Teatral al máximo en su planteamiento, Churchill intenta camuflar ese aspecto sacando a pasear a sus actores por bellos paisajes o grandes escenarios, aunque sus mejores momentos, curiosamente, transcurran siempre entre cuatro paredes que parecen acorralar a los que están dentro del cuadro. El prólogo en el que Churchill ve cómo las olas ensangrentadas le ofrecen una suerte de premonición sobre lo que va a pasar con el desembarco en Normandía ya sugiere una grandilocuencia posterior rematada con un onírico paseo del político en el paisaje después de la batalla de Gallipoli.

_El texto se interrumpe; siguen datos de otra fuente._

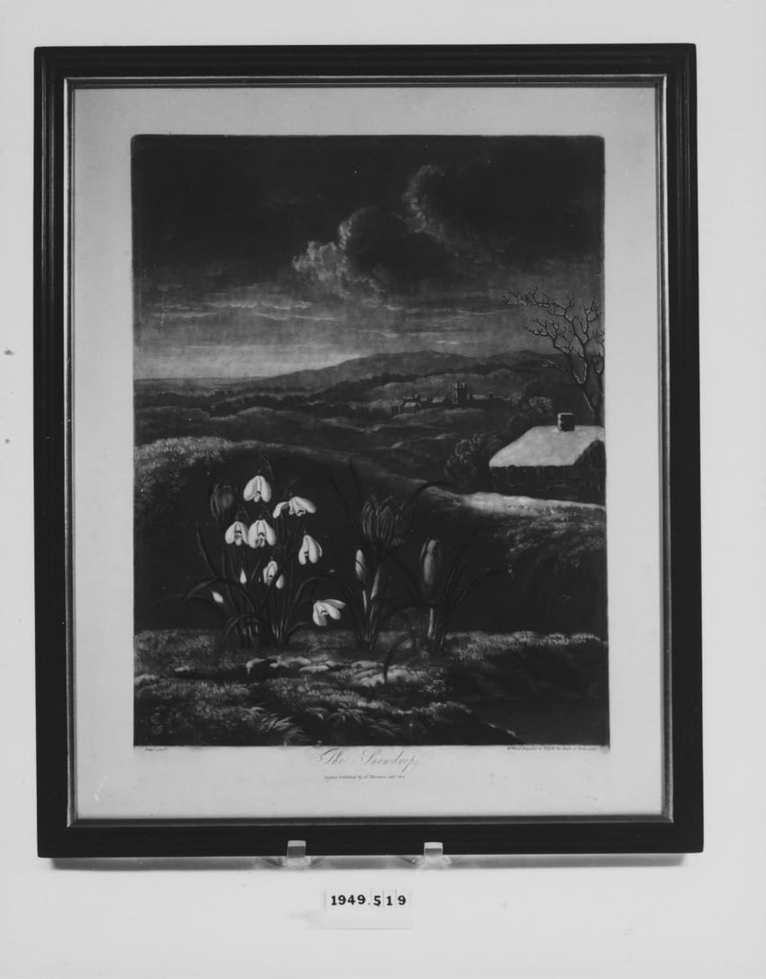Depicts flowers in foreground with landscape background. Landscape and house covered with snow.

La tesis, harto discutible, es que el malhumorado y humeante Winston intentó por todos los medios boicotear el Día D para evitar una carnicería de jóvenes soldados. Ese dilema alimenta un guión anquilosado e inflamado de retórica escrito por una joven historiadora que parece desconocer los más básicos capítulos de la escritura cinematográfica, con una estructura monótona y un ritmo glacial, introduciendo episodios que dan un poco de vergüenza ajena: la secretaria que se rebela por amor a su novio, camino de las playas de Francia o, sobre todo, esa inenarrable escena en la que Churchill reza pidiendo a Dios que siga el mal tiempo. Churchill solo tiene interés por el concienzudo trabajo de Brian Cox, aunque eso ya se podía prever antes de verlo. Fumador, bebedor, gruñón, vanidoso, arrogante, tozudo? Inteligente, claro. Un niño grande y malcriado. Cuando coinciden buenos actores, la película respira mejor: la bofetada que le suelta su esposa (Miranda Richardson), el tenso choque de egos con Eisenhower (John Slattery) o la amable pero tajante reprimenda del rey (James Purefoy) son pequeños islotes de intensidad en una cinta que no duda en volver en su escena final a la metáfora inicial con sombrero incluido y recuerda, en éxtasis patriótico postBrexit, que estamos ante un hombre de grandeza inigualable.